- Task objective: Repeat the listing word for word, but skip any pictures.

━━━ Stored data

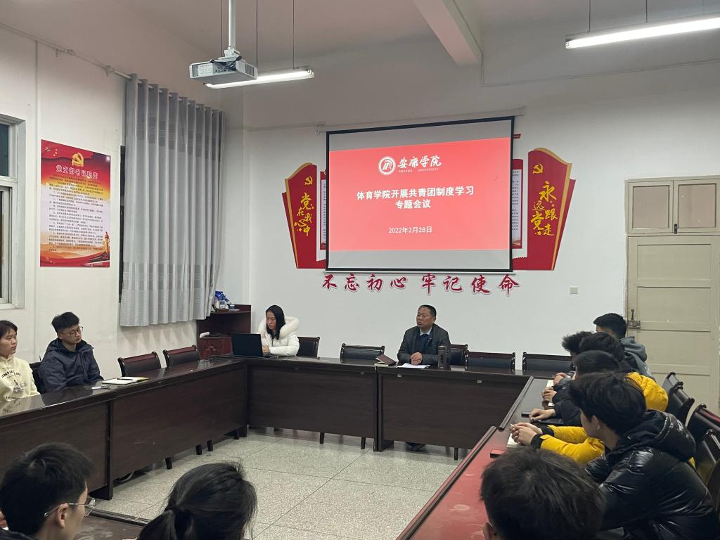 2月28日晚上7点在体育馆1楼会议室,太阳成集团tyc234cc团总支组织团学干部开展共青团制度学习专题会议,由太阳成集团tyc234cc党总支书记高立平讲团课,重点学习《新时代全面从严治团实施纲要》。团总支书记康梦瑶、团总支、团支部成员参加了会议。会议由康梦瑶主持。
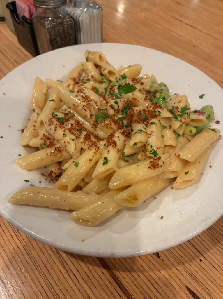 - Mac ‘n Cheese – which was delicious although a penne noodle not a macaroni noodle and if I’m being 100% honest here was more like a cream sauce pasta dish than a classic mac ‘n cheese – but still DELICIOUS;
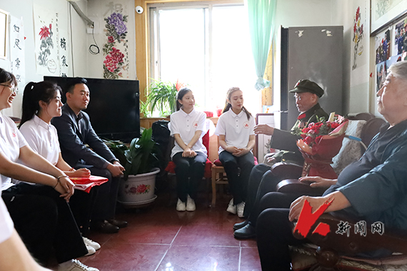 5月15日,开元平台“钢花”新时代大学生理论宣讲团一行8人来到鞍山市铁东区老兵广场,拜访功勋老兵徐殿义,聆听老英雄讲述解放战争时期的革命故事。

━━━━━━

- Output below:
 2月28日晚上7点在体育馆1楼会议室,太阳成集团tyc234cc团总支组织团学干部开展共青团制度学习专题会议,由太阳成集团tyc234cc党总支书记高立平讲团课,重点学习《新时代全面从严治团实施纲要》。团总支书记康梦瑶、团总支、团支部成员参加了会议。会议由康梦瑶主持。
 - Mac ‘n Cheese – which was delicious although a penne noodle not a macaroni noodle and if I’m being 100% honest here was more like a cream sauce pasta dish than a classic mac ‘n cheese – but still DELICIOUS;
 5月15日,开元平台“钢花”新时代大学生理论宣讲团一行8人来到鞍山市铁东区老兵广场,拜访功勋老兵徐殿义,聆听老英雄讲述解放战争时期的革命故事。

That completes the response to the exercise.